Parents of babies in Sweden certainly aren't worried about the cold!
Haven't read the article, but saw LOTS of strollers left outside while parents were inside cafes sipping coffee (like in the second pic).

http://www.treehugger.com/files/2010...below_zero.php

Bundle up and baby will be just fine!


----------



## dearmama22

Nothing is too cold with proper clothing/gear







We live in Alaska and you see people out in all temperatures, even little babies. Wearing them definately keeps them warmer than a stroller. I was outside the other day with my 1 week old in the Moby. He had on a hat, a little bear fleece suit, long sleve outfit and onesie. He was super toasty- mainly because of that Moby! Oh and it was around 35 degrees


----------



## lellian

Ohmygosh, Thanks Linchi for the link! Outside baby chilling isn't something I'm going to try, but I definitely feel more peaceful about taking DD out for a stroll all winter long.









Dearmama22, if you can pull this off in Alaska, I can pull this off in Ohio. Thanks!

I'm so excited! I thought I was going to be house bound all winter so to know we can go out,


----------



## accountclosed2

Yep. I grew up in Sweden. And being outside, well the temperature is never a deterrent, anywhere in the country (I think). However, in a Snowstorm you might reconsider!

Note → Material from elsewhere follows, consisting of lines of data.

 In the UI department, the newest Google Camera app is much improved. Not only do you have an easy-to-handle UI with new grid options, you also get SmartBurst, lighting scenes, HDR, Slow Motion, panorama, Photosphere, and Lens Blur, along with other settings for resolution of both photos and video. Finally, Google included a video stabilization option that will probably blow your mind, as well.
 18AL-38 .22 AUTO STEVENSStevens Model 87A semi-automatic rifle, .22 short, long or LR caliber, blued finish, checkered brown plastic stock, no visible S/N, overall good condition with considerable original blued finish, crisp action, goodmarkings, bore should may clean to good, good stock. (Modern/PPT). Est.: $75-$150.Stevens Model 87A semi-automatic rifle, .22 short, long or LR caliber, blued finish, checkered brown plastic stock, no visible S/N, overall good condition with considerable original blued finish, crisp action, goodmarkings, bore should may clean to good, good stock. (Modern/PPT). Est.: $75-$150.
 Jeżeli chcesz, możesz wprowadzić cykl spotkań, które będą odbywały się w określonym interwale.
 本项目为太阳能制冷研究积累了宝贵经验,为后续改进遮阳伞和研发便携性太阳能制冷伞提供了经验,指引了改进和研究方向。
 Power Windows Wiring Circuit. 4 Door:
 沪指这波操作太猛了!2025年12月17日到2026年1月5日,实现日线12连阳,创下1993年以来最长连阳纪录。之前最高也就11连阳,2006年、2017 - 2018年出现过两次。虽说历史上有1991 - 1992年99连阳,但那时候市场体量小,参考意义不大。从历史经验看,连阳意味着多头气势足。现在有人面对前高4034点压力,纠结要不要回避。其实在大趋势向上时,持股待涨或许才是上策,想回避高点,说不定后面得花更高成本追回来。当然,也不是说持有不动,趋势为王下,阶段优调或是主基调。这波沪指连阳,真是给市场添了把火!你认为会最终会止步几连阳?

In daycare and school children always go outside at least twice a day (usually three times at school, lunch time too). And it is expected of parents to keep appropriate clothes at daycare/pre-school (so they won't forget them at home): A good rain suit, gum boots, a thick snow suit (or the new shell-type suits, with an outside shell and layers under), thick waterproof winter boots, winter hats and water proof mittens.

At a lot of day care places children nap outside in push chairs and prams. They are then warmly dressed, and the push chair has one of these insulated sleeping bags, either a sheepskin one or a thick sleeping bag-type one.

When DD was little (although it isn't as cold were we live), I used a thick wool blanket folded under her and around her sides, and a thick knitted blanket on top of her (and the harness), a thick coat, thick wooly slippers, wool baby legs, a cotton hat and a knitted wool hat on top, tied on. I think I over-dressed her, actually.

One of the most annoying things about living here is the Kiwis attitude to weather and temperature. Oh no, insulation and double glazing is un-necessary, just put on a jersey and harden up. But it is raining, or there's a bit of chill in the air - the kids can't go out, they'll get a cold! (And why waste money on rain wear, kids aren't out in the rain anyway!)


----------



## Deir

I live in Philadelphia and I pretty much always go out. I draw the line at serious wind or windy rain or ridiculously cold but other than those times- I walk! My neighbors and friends think I am nuts but oh well- I already sealed that deal when I hung my cloth diapers on my clothes line!


----------



## c'est moi

Quote:


Originally Posted by *dearmama22* 
Nothing is too cold with proper clothing/gear









Absolutely!









i don't live in alaska, but do live in a place known for extreme temps. my daycare's policy is that they go out down to 10 degrees (air temp or wind chill). i had a january baby and we were out walking with her from the beginning.

i scored one of these for $50 at a store liquidation and swear by it.

http://www.amazon.com/7A-M-ENFANT-Fo...9098015&sr=8-2

now that i know about it, i'd be willing to pay full price for it if i had to. i mean, i pay that much for a baby carrier i use daily, why not for a stroller sack to ensure my child's warmth during daily walks?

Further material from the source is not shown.